Katherlieschen eve döndü ve "Frieder'cik başka bir şey yemek istiyor, tereyağı ve peynir hoşuna gitmedi herhalde. Ona bir çıkın dolusu tayınla içecek olarak sirke götüreyim bari" diye düşündü. Sonra da kapının üst kısmını sürgüledi, ama alt kısmını rezelerinden çıkarıp sırtladı, bu kapıyı güvenceye alırsa ev de güvencede olmuş olur diye düşündü.
Yola çıktıktan sonra da hiç acele etmedi ve "Bu arada Frieder'cik canı istediği kadar dinlenir!" diye söylendi.
Yanına vardığında ona şöyle dedi: "Frieder'ciğim, kapıyı alıp getirdim, onu güvenceye sen al!"
"Nasıl bir kadına çattım Tanrım! Kapının altını açık bırakıyor, herkes içeri girsin diye; üstünü de sürgülüyor! Artık tekrar eve gitmek için çok geç, ama madem buraya getirdin kapıyı sen taşı!"
"Kapıyı taşırım ben Frieder'ciğim! Ama tayınlarla sirke bana ağır gelecek, onları kapıya asayım da o taşısın!"
Daha sonra ormana giderek hırsızları aradılar, ama bulamadılar. Hava kararınca bir ağaca çıktılar; niyetleri orada gecelemekti. Tam o sırada, onu bunu aşıran hırsızlar yanlarında neyi götürüp neyi atacaklarını saptamak için Frieder ile Katherlieschen'in üzerine çıktıkları ağacın dibine yerleştiler. Bir ateş yaktıktan sonra mallarını paylaştılar.
Frieder ağacın arka tarafından inerek taş topladı, sonra onları yukarı taşıdı. Bunları aşağı fırlatarak hırsızları öldürecekti! Ama hiçbirini isabet ettiremedi.
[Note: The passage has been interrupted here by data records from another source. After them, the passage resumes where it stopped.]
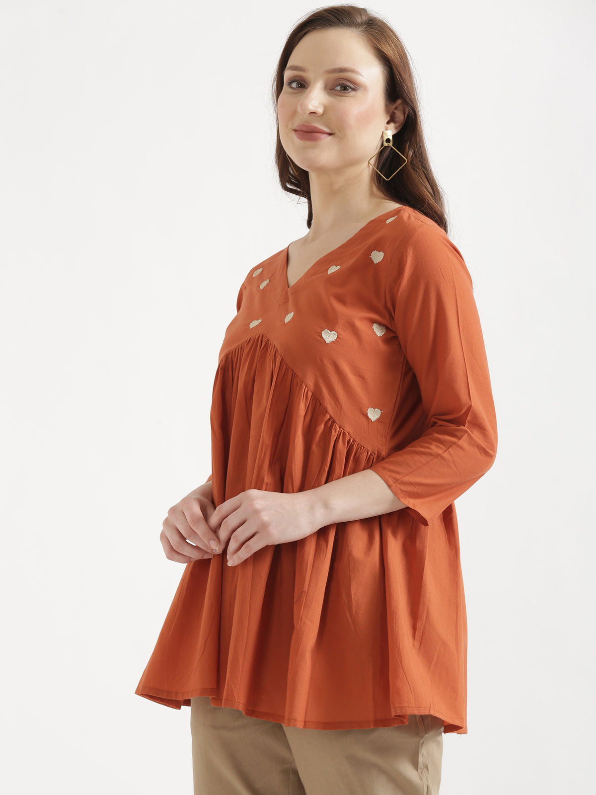 - Product Type: Heart Embroidered Pure Cotton Short Top / Short Kurti
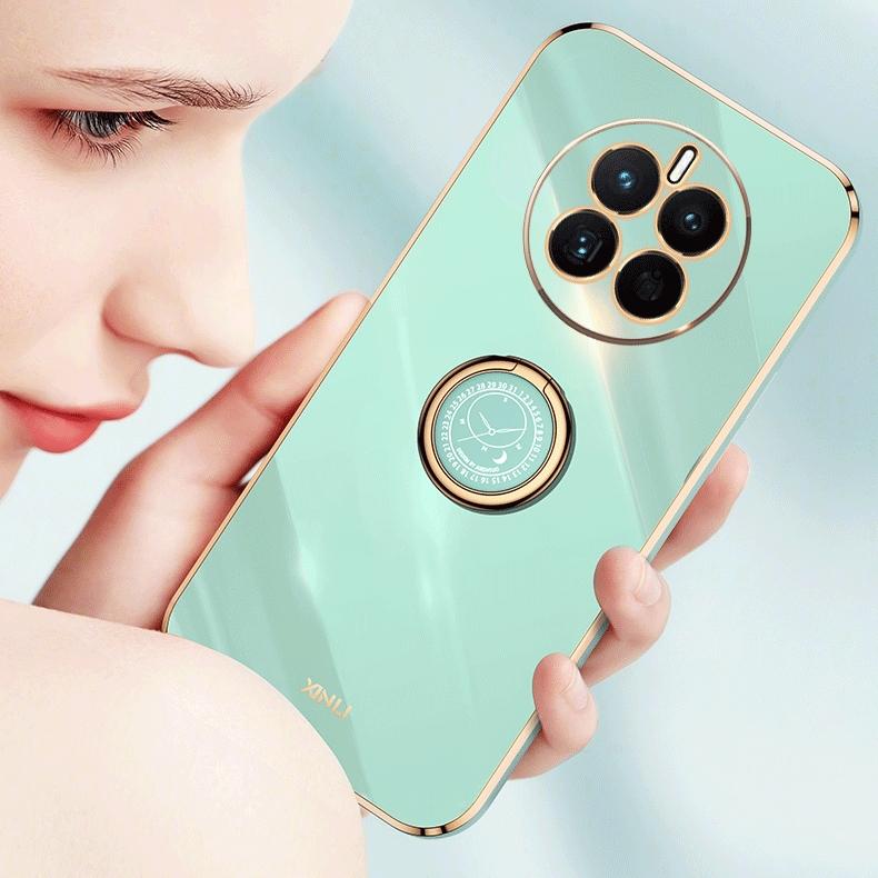 Θήκη κινητού Huawei Mate 50 Pro XINLI με ευθείες άκρες, ηλεκτρολυτική επίστρωση TPU και δακτύλιο στήριξης (Μέντας Πράσινο)
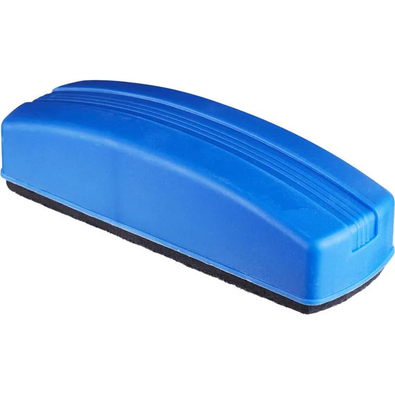 Губка предназначена для стирания маркеров с белых досок сухим способом. Оснащена магнитной пластиной для крепления к доске. Размер - 160x55x45 мм. Губка используется без сменных салфеток. Корпус синего цвета, фетр черного цвета. Обращаем внимание, что для эффективного удаления с магнитно-маркерной доски засохших записей рекомендуем использовать губку в сочетании со спреем для магнитно-маркерных досок. Спрей необходимо распылить на доску, а затем стереть остатки надписи губкой.

"Rüzgâr çıktı, kozalaklar yere düşüyor" dedi hırsızlar.
Katherlieschen'in hâlâ sırtında taşımakta olduğu kapı sırtını acıtınca, buna tayınların neden olduğunu düşündü ve "Frieder'ciğim, ben bunları aşağı atacağım" dedi.
"Hayır Katherlieschen, şimdi olmaz, yoksa yerimizi bulurlar!"
"Ama Frieder'ciğim, bunlar canımı çok acıtıyor!"
"At hadi bakalım!"
Tayınlar ağaç dallarından yuvarlanınca aşağıdakiler şöyle dedi: "Kuşlar kafamıza ediyor!"
Bir süre sonra kapı iyice baskı yapınca Katherlieschen "Ah Frieder'ciğim, şu sirkeyi de dökeyim bari!" dedi.
"Olmaz Katherlieschen, yoksa bizi ele verirsin!"
"Ama canım çok yanıyor!"
"Hadi dök bakalım!"
Kadının döktüğü sirke adamların üstüne sıçrayınca aralarında şöyle konuştular: "Çiğ erimeye başladı, baksana damlaları üzerimize düşüyor!"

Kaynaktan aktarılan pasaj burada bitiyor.